Among the entries below, only the lines from the one with "Transcript from interviews" through the one with "本报通讯员 曾永洪 摄" are to be retyped, exactly and without pictures.

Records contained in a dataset
◆ ◆ ◆ ◆
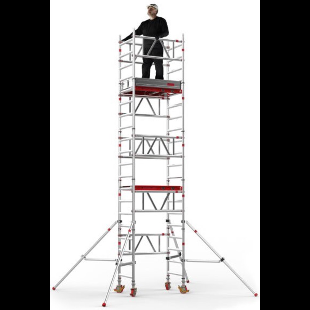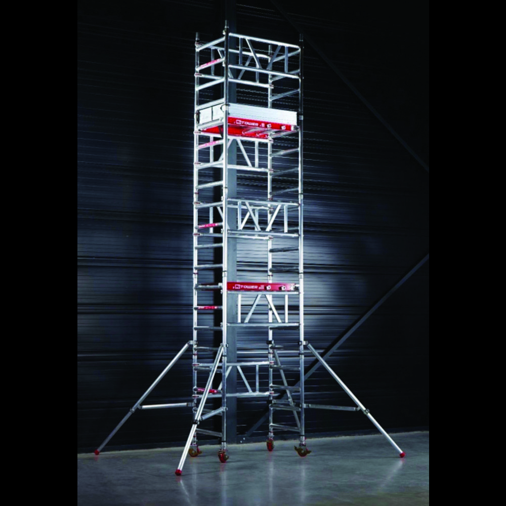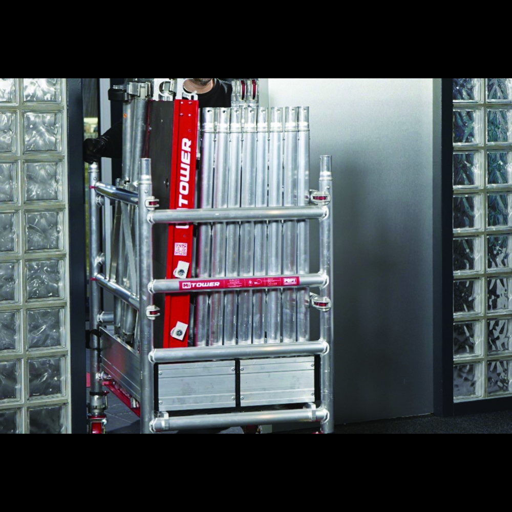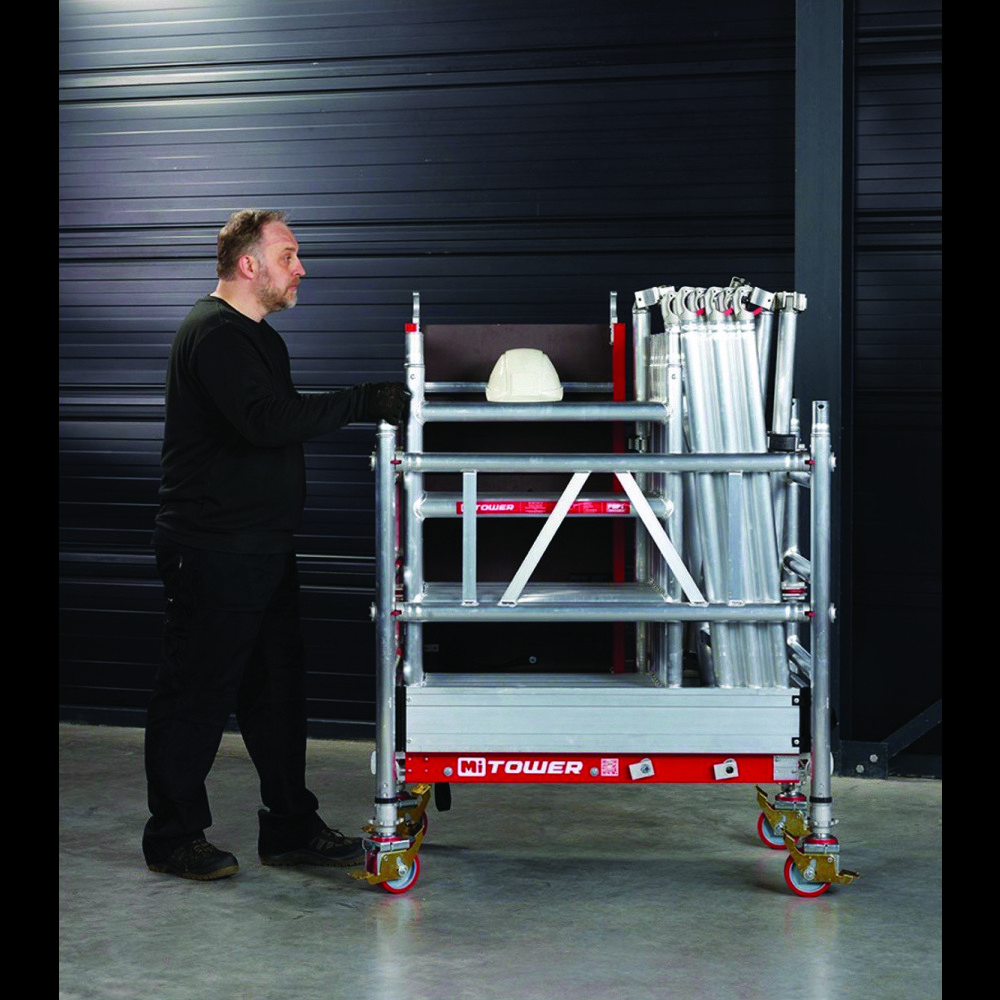 The MiTower is a versatile access tower designed to be safely erected and dismantled by one person. The base of the MiTower doubles as a storage trolley to hold the components during transport, which can fit through standard doorways. Easy-clip frame clips and easy-lock stabilisers secure the components, resulting in a stable and rigid access tower perfectly suited to tight spaces. The platform features two retractable hangers that may be used to store components when assembling and dismantling the tower
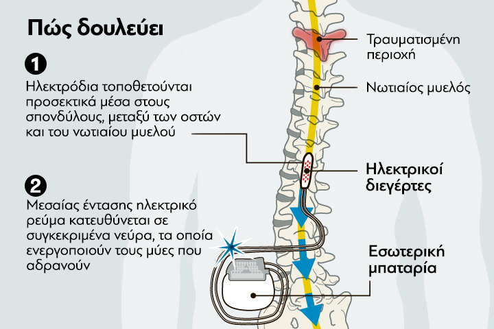 Μάλιστα, όπως φάνηκε μετά την εφαρμογή της πειραματικής μεθόδου, το ηλεκτρικό ρεύμα δεν δρούσε απλώς εκείνη τη στιγμή, αλλά βοηθούσε και μετά την παύση διοχέτευσης ρεύματος στην αναζωογόνηση των αδρανοποιημένων κυκλωμάτων που οδηγούν σε καταστάσεις παράλυσης άκρων.
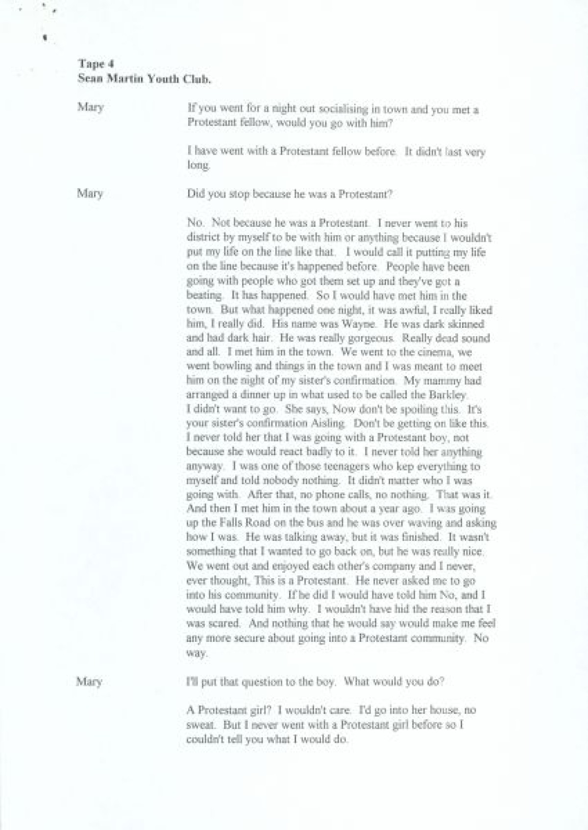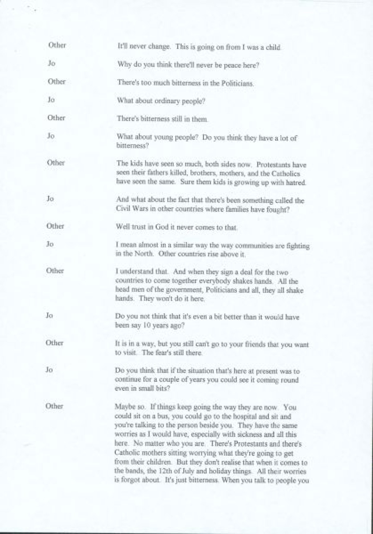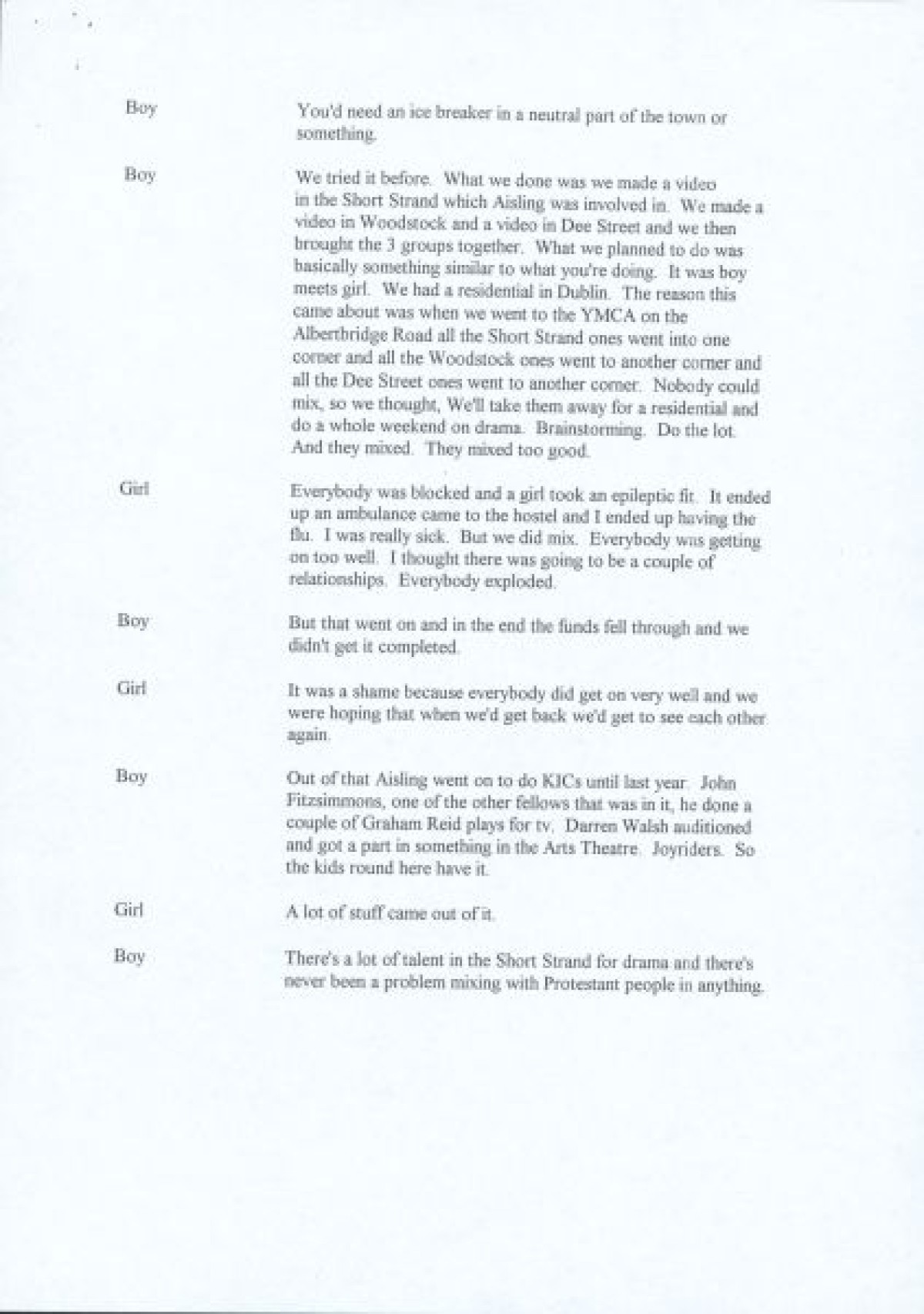 Transcript from interviews conducted by Jo Egan at Sean Martin Youth Club during research for the
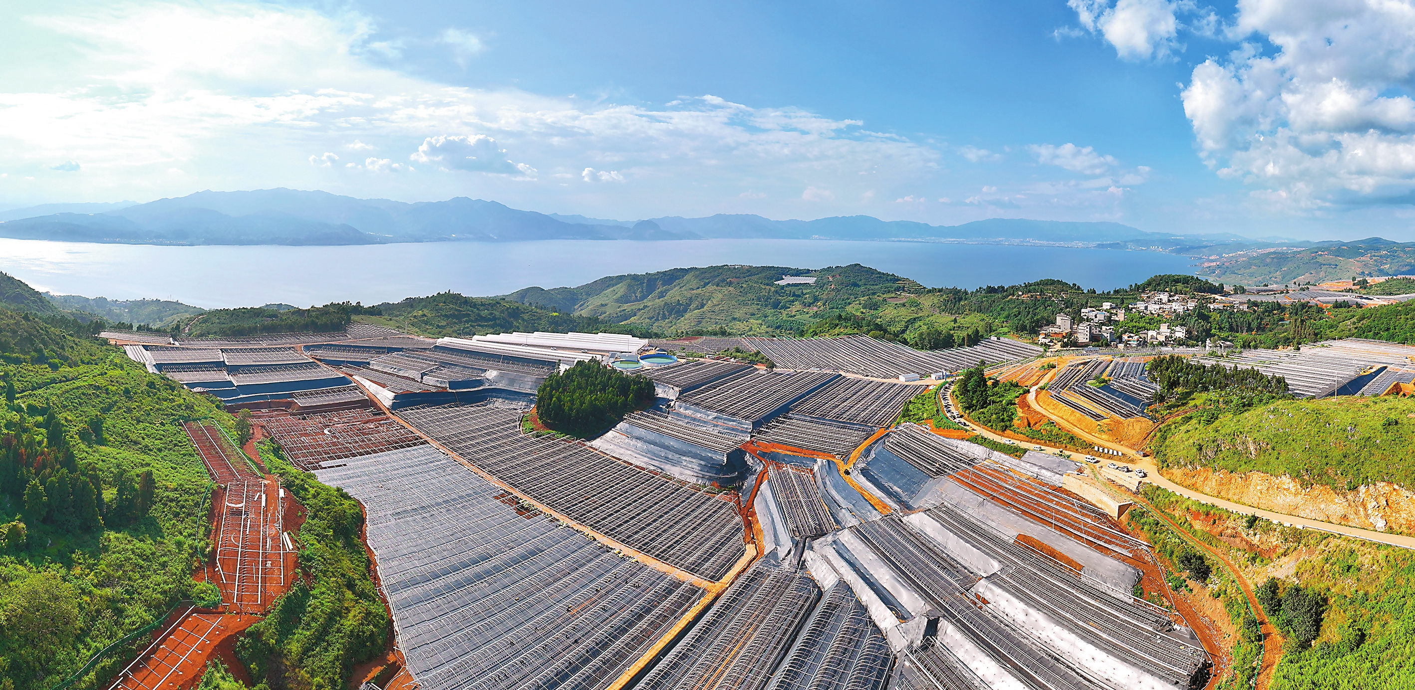 近年来,澄江市以抚仙湖保护统领经济社会发展,坚持用工业化理念谋划农业发展,多措并举推进基地建设,打造了一批可复制、可推广的示范亮点,推进了乡村振兴高质量发展。目前,澄江市已建成现代农业基地649个,面积9.2万亩。图为澄江市数字化设施农业生态蓝莓项目一景。 本报通讯员 曾永洪 摄
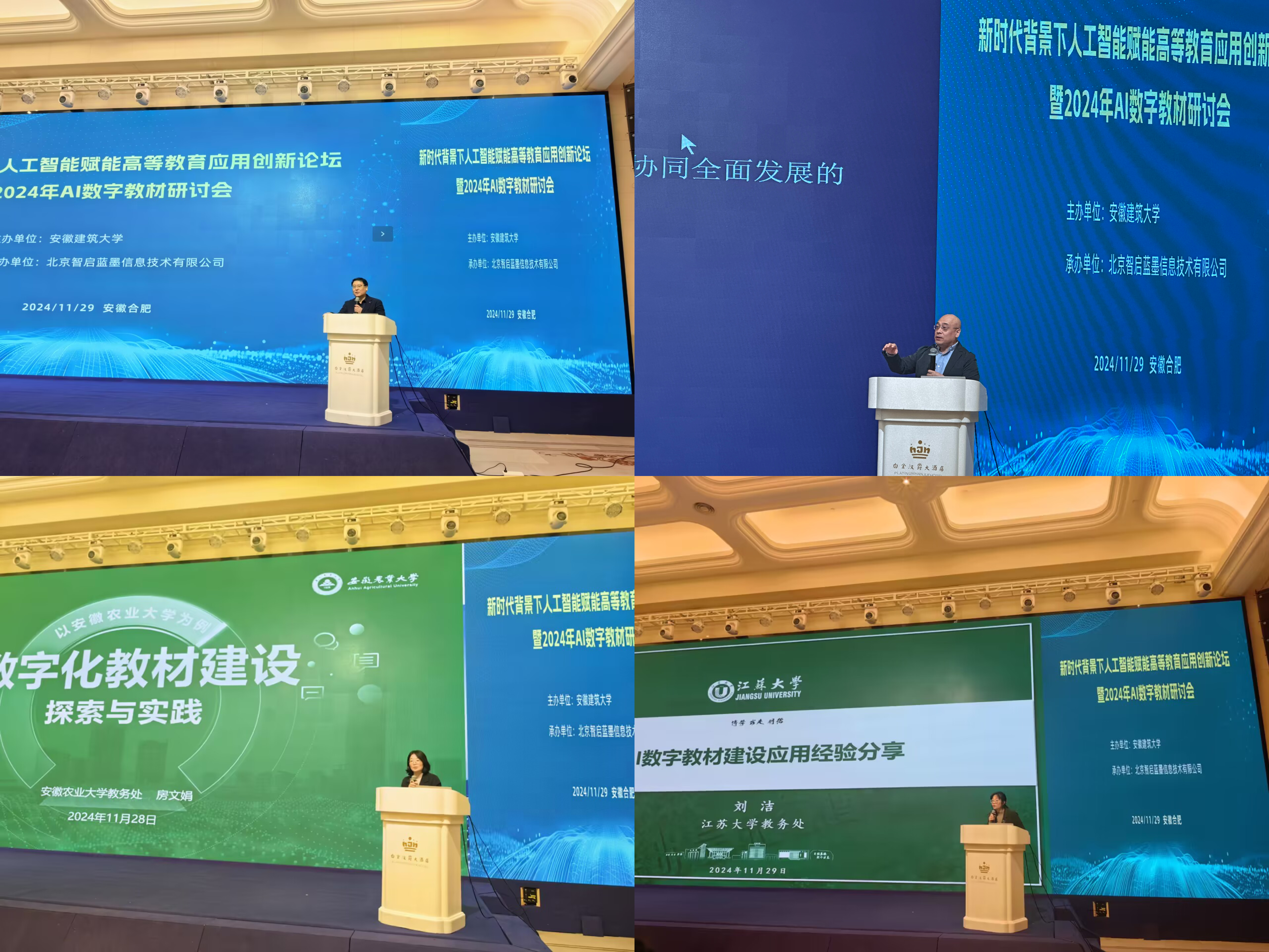 论坛中,来自江苏大学、安徽农业大学、安徽建筑大学等校教学管理一线专家及国内人工智能技术企业负责人举行多场讲座。主讲专家阐述了教育部关于人工智能引领高等教育数字化创新发展、启动人工智能大模型应用示范行动(LEAD行动)等最新政策精神,结合本单位数字教材建设、规划立项、制度建设探索实践,分享了教育数字化转型、人工智能赋能教育教学模式升级改造、AI数字教材研发等成果案例和研究心得,介绍了社交化学习与大数据跟踪提升育人成效、人工智能大模型赋能智慧教材与未来学习中心建设等新领域研究动态。与会专家勉励各高校积极抢占先机,投身技术革命,促进智能技术与教育教学的深度融合,以“智能+”新范式牵引高校教育教学的深层次变革,推动高等教育迈向数字化、智能化的崭新未来。
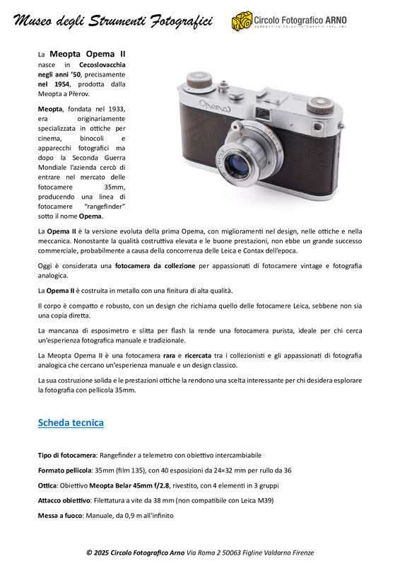 Meopta, fondata nel 1933, era originariamente specializzata in ottiche per cinema, binocoli e apparecchi fotografici ma dopo la Seconda Guerra Mondiale l’azienda cercò di entrare nel mercato delle fotocamere 35mm, producendo una linea di fotocamere “rangefinder” sotto il nome Opema.
◆ ◆ ◆ ◆
▸ WRITTEN SOLUTION:
 Transcript from interviews conducted by Jo Egan at Sean Martin Youth Club during research for the
 近年来,澄江市以抚仙湖保护统领经济社会发展,坚持用工业化理念谋划农业发展,多措并举推进基地建设,打造了一批可复制、可推广的示范亮点,推进了乡村振兴高质量发展。目前,澄江市已建成现代农业基地649个,面积9.2万亩。图为澄江市数字化设施农业生态蓝莓项目一景。 本报通讯员 曾永洪 摄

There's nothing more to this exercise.